Иосиф Бродский: Опыт литературной биографии | страница 46



У Слуцкого было небольшое стихотворение на эту тему:

Прославляют везде Исаака,
Возглашают со всех алтарей.
А с Исаком обходятся всяко
И пускают не дальше дверей[133].

Важный урок, воспринятый Бродским у Слуцкого, относится к тому, как строить стихотворение, к семантической структуре текста. Слуцкий начинает «Музыку на базаре» с крайне грубой картины, рассказанной грубыми словами, а заканчивает, казалось бы, не изменяя стиля повествования, едва прикрытой евангельской цитатой: музыка бичует лоточников, как Христос, изгоняющий торгующих из храма. Бродский тоже будет сближать в своих стихах физиологическое, вульгарное с абстрактно-философским, метафизическим. У него новый Дант, как творец вселенной из ничего, ставит на пустое место слово, но это сакральное Слово рифмуется с профанным и грубым «херово» («Похороны Бобо», 1972). Нередко он начинает стихотворение с фотографического запечатления неприглядной реальности – убогого интерьера или собственного скверного самочувствия – и ведет его к открытию духовного порядка, хотя далеко не всегда утешительному и обнадеживающему. Такова структура и маленького стихотворения «Я обнял эти плечи и взглянул...» (1962), и большого «Натюрморт» (1971), хотя чаще прямая, «снизу вверх», последовательность лирического сюжета уступает место более сложным построениям.

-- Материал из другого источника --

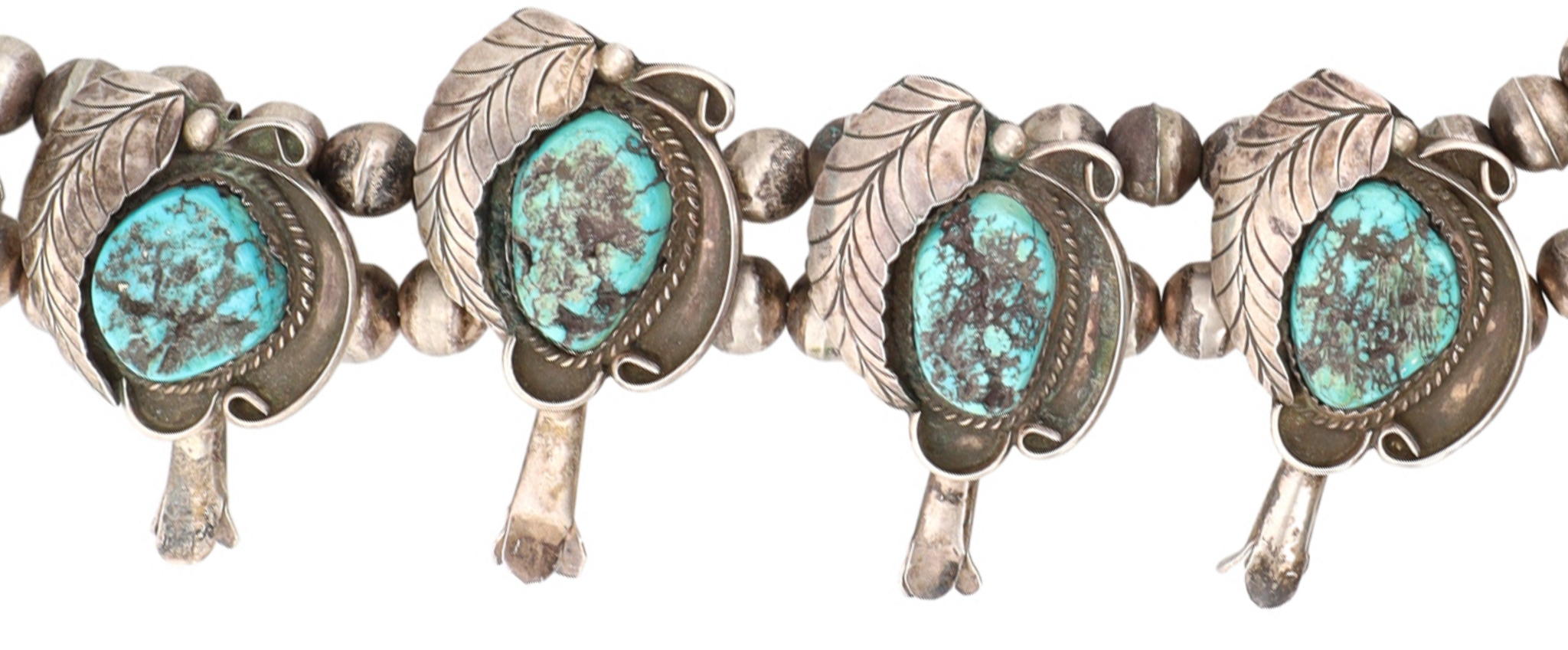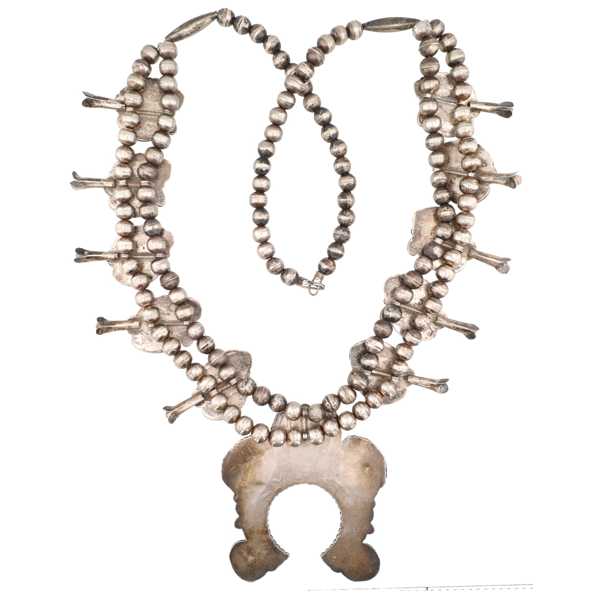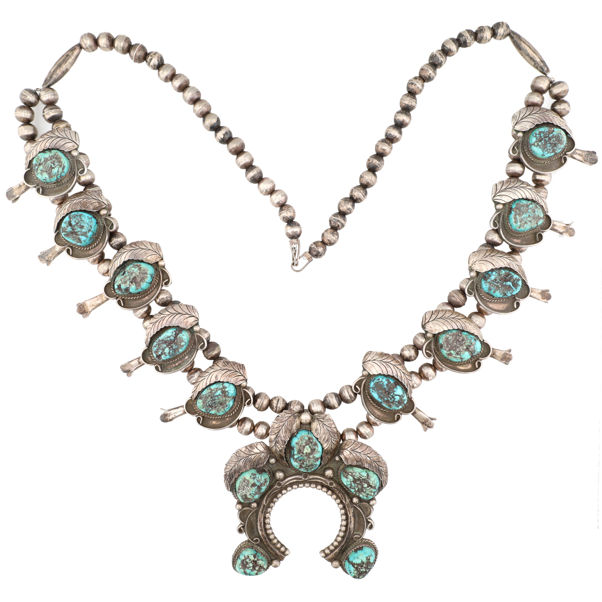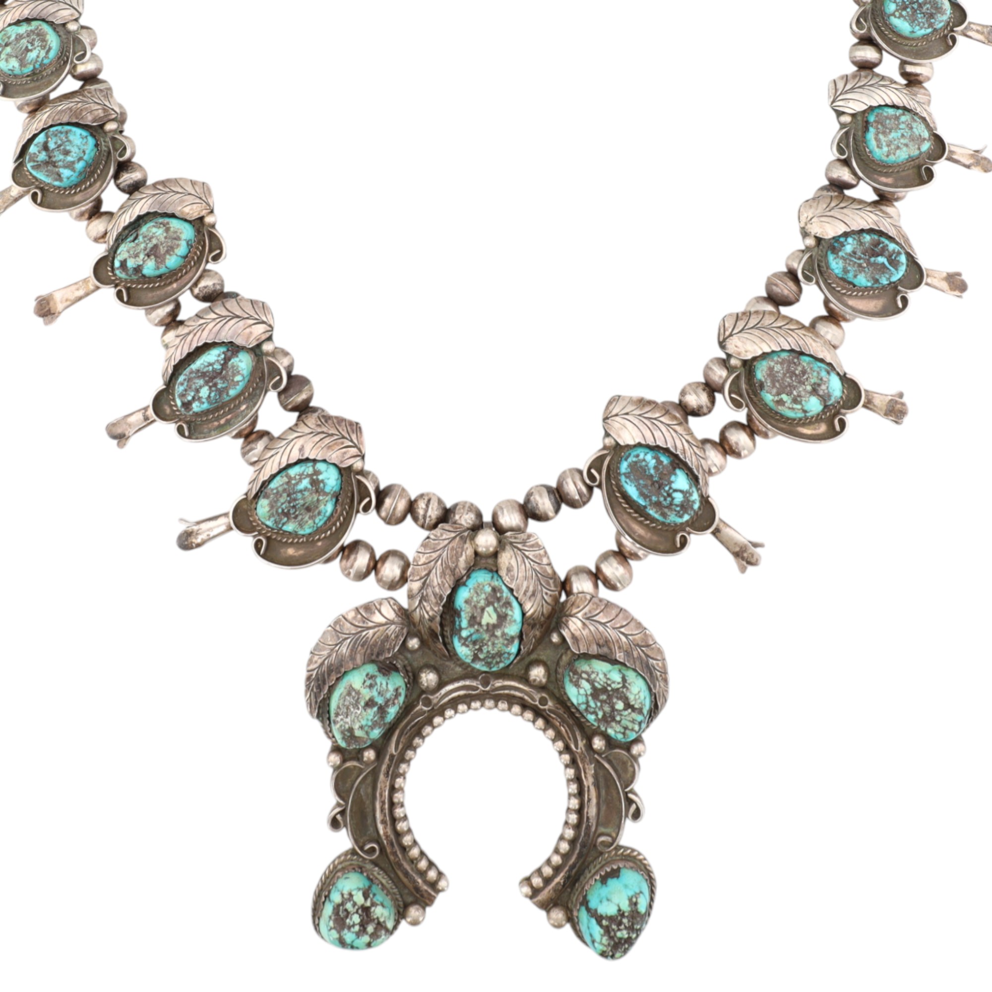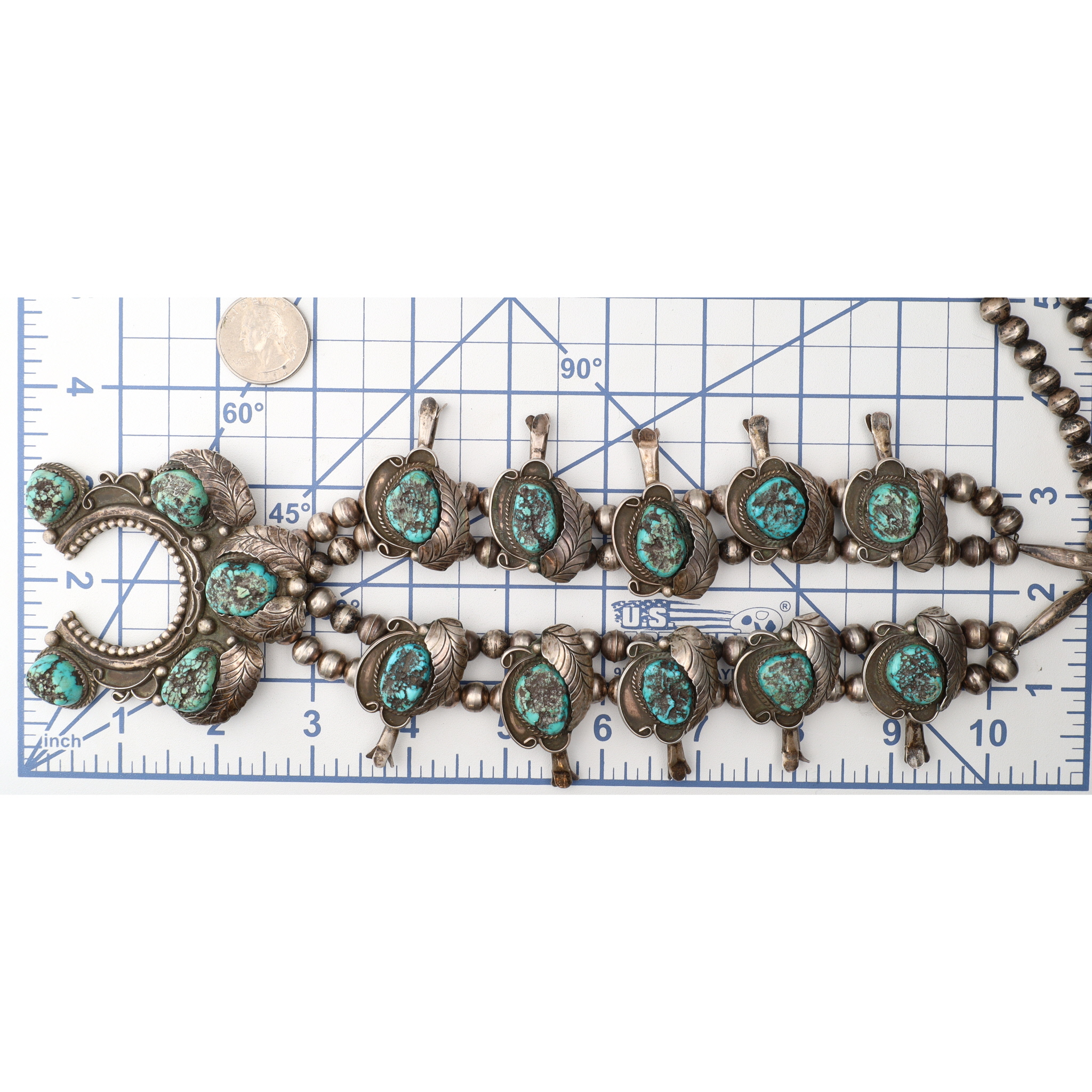 Huge Vintage Navajo Sterling Turquoise Squash Blossom Necklace 195.5g

Самое существенное, однако, что унаследовал Бродский от Слуцкого, или, по крайней мере, от того, что он прочитывал в Слуцком, это – общая тональность стиха, та стилистическая доминанта, которая выражает позицию, принятую автором по отношению к миру. Об этом Бродский говорил в 1985 году: «Слуцкий почти в одиночку изменил тональность послевоенной русской поэзии. <...> Ему свойственна жесткая, трагичная и равнодушная интонация. Так обычно говорят те, кто выжил, если им вообще охота говорить о том, как они выжили, или о том, где они после этого оказались»[134].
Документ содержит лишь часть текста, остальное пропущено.